What you need to do
Find the string "with" in the material. Copy every line that has it.

Dataset entries

○ ○ ○ ○

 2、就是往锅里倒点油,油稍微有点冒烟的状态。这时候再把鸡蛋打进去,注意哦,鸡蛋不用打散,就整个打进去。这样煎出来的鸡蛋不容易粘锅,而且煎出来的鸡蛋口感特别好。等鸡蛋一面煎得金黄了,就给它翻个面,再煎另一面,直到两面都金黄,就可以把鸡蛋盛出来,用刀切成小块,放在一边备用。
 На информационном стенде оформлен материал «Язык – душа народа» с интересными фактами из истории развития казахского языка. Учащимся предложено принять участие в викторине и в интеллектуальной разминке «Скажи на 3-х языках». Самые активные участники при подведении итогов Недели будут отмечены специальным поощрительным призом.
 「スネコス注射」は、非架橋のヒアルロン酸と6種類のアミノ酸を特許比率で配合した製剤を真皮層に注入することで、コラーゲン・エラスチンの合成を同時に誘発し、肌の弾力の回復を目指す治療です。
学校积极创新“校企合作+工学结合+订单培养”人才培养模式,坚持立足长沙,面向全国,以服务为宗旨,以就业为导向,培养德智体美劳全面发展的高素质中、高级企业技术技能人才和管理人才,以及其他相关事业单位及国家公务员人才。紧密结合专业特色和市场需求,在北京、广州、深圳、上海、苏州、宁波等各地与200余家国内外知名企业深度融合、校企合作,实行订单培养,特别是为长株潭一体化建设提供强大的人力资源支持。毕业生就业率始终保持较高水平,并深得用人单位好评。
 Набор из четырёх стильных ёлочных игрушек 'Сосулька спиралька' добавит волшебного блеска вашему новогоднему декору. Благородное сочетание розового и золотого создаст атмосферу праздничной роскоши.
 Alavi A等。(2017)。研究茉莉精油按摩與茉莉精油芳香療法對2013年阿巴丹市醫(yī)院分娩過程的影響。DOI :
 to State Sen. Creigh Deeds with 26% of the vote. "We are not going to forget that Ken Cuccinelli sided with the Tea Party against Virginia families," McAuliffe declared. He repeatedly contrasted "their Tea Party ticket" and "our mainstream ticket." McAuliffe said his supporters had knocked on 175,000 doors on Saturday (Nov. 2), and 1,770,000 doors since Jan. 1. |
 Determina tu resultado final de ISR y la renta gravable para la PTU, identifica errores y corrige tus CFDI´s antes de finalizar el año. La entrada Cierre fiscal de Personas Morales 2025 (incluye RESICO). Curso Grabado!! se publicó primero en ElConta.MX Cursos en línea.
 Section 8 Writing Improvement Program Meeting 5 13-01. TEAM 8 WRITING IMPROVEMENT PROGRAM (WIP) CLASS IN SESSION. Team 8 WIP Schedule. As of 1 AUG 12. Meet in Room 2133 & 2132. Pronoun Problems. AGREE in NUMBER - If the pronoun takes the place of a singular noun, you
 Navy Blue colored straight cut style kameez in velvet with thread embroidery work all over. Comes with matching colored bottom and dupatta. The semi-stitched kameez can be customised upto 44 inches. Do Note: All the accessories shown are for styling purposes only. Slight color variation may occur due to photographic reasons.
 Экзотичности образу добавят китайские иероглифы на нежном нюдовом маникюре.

○ ○ ○ ○

Finished task
 to State Sen. Creigh Deeds with 26% of the vote. "We are not going to forget that Ken Cuccinelli sided with the Tea Party against Virginia families," McAuliffe declared. He repeatedly contrasted "their Tea Party ticket" and "our mainstream ticket." McAuliffe said his supporters had knocked on 175,000 doors on Saturday (Nov. 2), and 1,770,000 doors since Jan. 1. |
 Navy Blue colored straight cut style kameez in velvet with thread embroidery work all over. Comes with matching colored bottom and dupatta. The semi-stitched kameez can be customised upto 44 inches. Do Note: All the accessories shown are for styling purposes only. Slight color variation may occur due to photographic reasons.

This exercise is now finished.